## Dataset excerpt

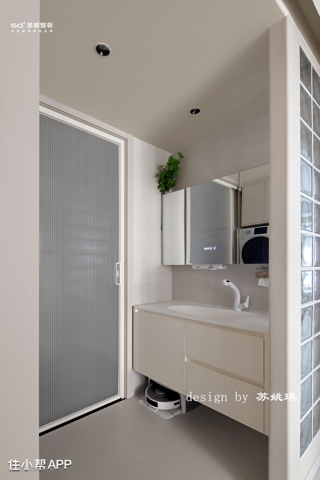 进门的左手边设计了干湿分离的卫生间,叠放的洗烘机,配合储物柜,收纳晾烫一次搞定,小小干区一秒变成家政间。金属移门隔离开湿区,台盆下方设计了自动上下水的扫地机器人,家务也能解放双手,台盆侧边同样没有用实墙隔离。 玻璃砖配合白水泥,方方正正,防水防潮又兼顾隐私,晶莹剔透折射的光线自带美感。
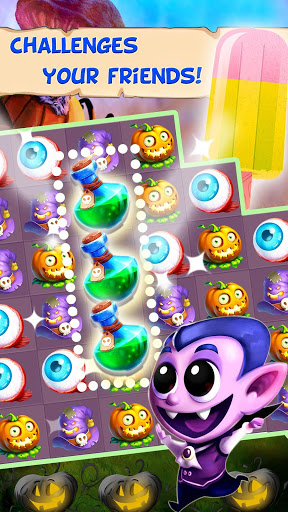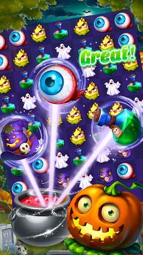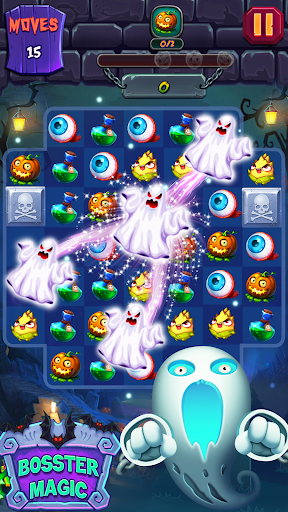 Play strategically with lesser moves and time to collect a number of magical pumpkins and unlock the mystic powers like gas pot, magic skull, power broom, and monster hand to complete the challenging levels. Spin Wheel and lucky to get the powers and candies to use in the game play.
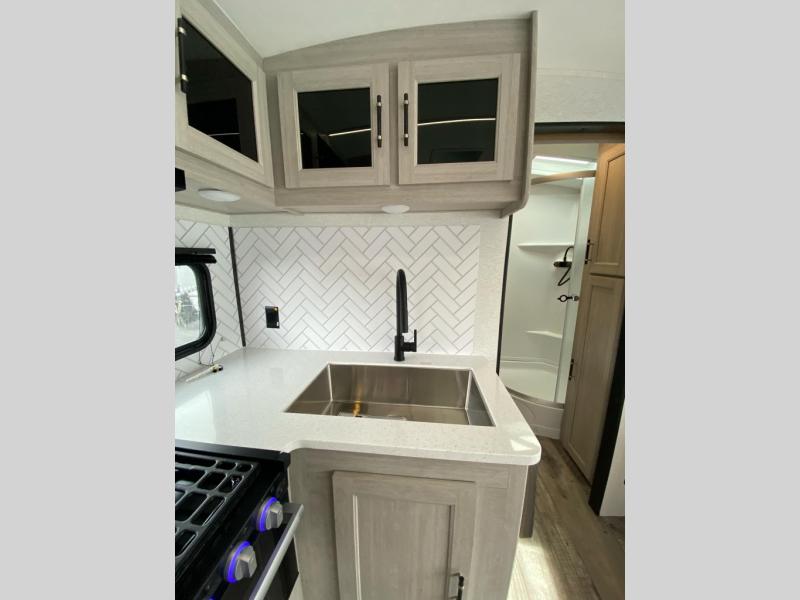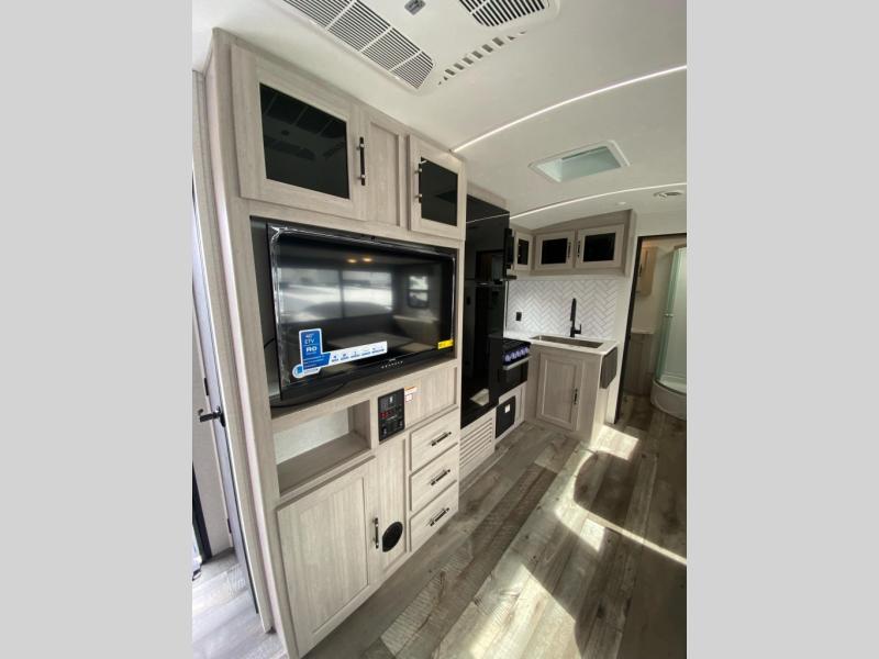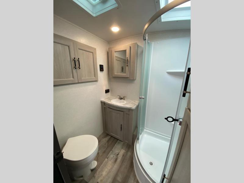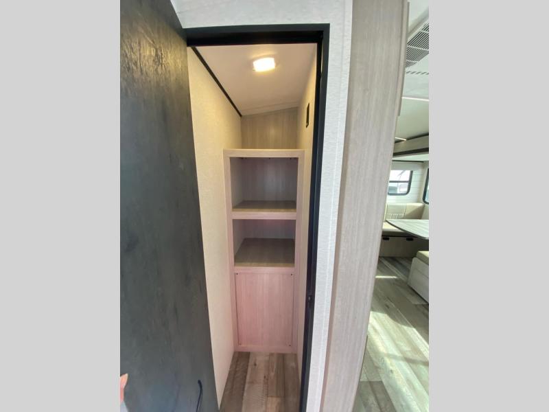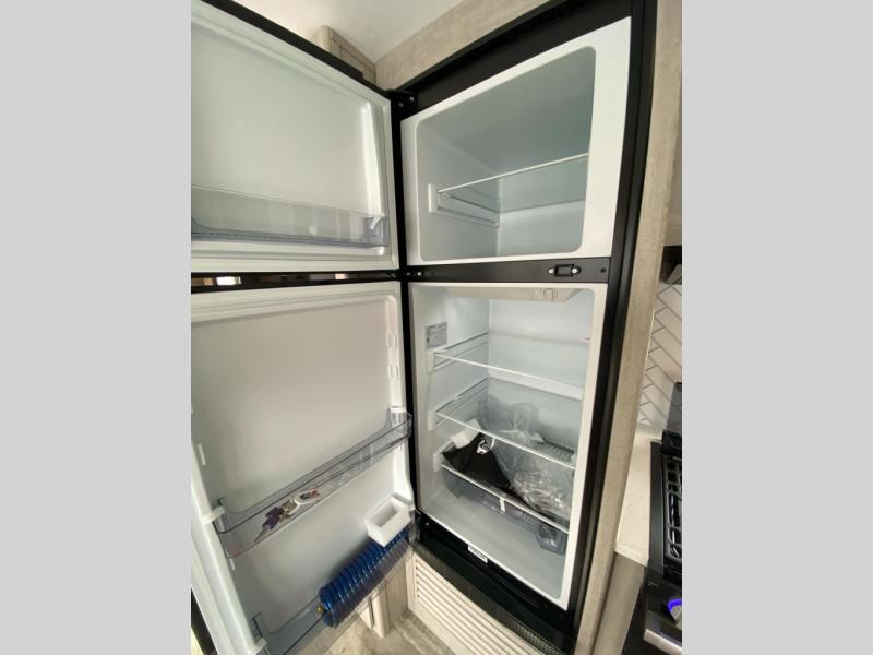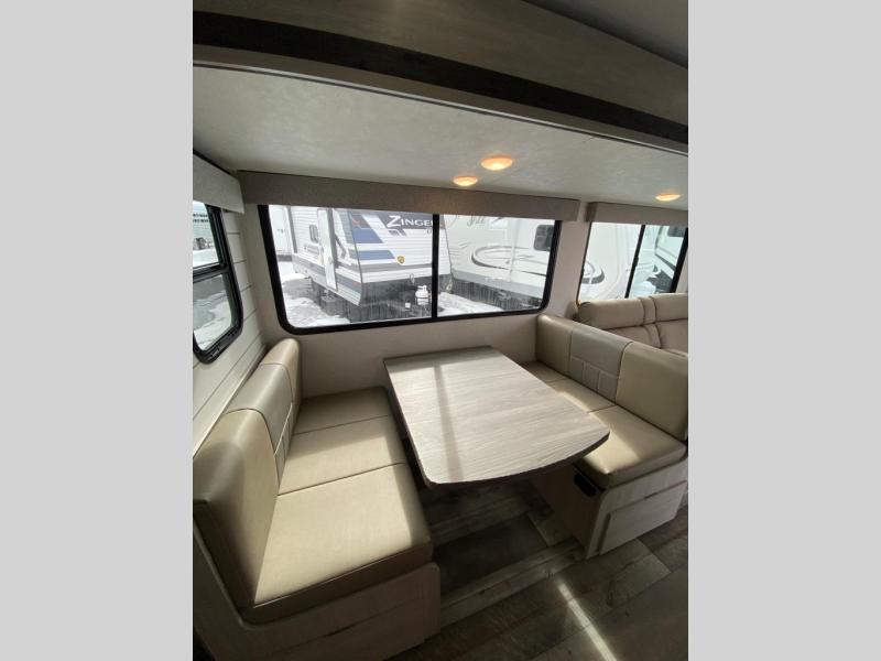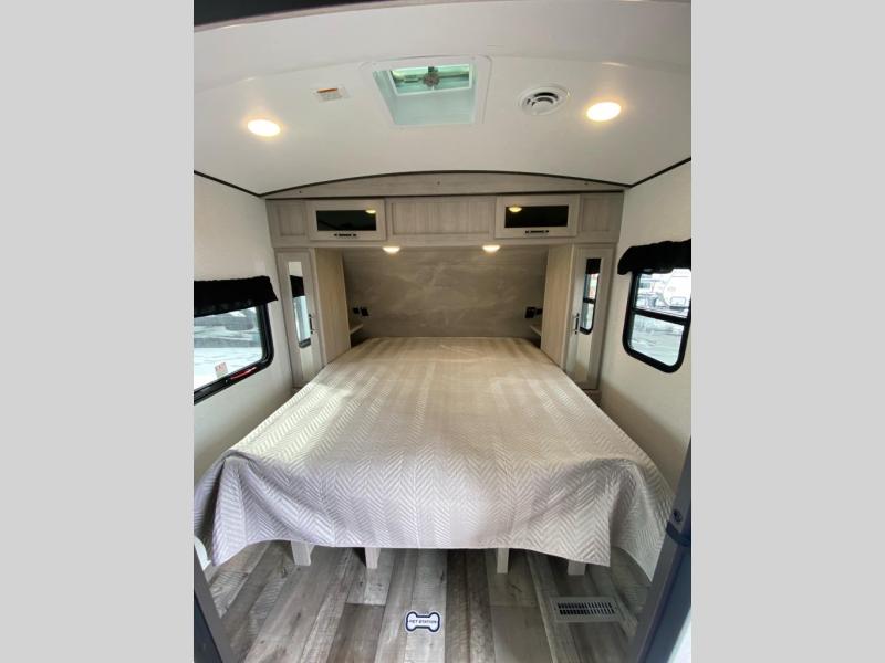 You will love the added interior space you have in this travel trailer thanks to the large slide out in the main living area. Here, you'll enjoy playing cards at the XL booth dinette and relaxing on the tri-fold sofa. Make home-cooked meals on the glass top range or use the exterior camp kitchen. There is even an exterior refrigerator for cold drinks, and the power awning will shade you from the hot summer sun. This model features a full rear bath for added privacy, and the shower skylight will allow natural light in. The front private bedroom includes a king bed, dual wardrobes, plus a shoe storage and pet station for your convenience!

## Problem
Recreate the listing above word for word, dropping each picture it contains.

## Your solution
 进门的左手边设计了干湿分离的卫生间,叠放的洗烘机,配合储物柜,收纳晾烫一次搞定,小小干区一秒变成家政间。金属移门隔离开湿区,台盆下方设计了自动上下水的扫地机器人,家务也能解放双手,台盆侧边同样没有用实墙隔离。 玻璃砖配合白水泥,方方正正,防水防潮又兼顾隐私,晶莹剔透折射的光线自带美感。
 Play strategically with lesser moves and time to collect a number of magical pumpkins and unlock the mystic powers like gas pot, magic skull, power broom, and monster hand to complete the challenging levels. Spin Wheel and lucky to get the powers and candies to use in the game play.
 You will love the added interior space you have in this travel trailer thanks to the large slide out in the main living area. Here, you'll enjoy playing cards at the XL booth dinette and relaxing on the tri-fold sofa. Make home-cooked meals on the glass top range or use the exterior camp kitchen. There is even an exterior refrigerator for cold drinks, and the power awning will shade you from the hot summer sun. This model features a full rear bath for added privacy, and the shower skylight will allow natural light in. The front private bedroom includes a king bed, dual wardrobes, plus a shoe storage and pet station for your convenience!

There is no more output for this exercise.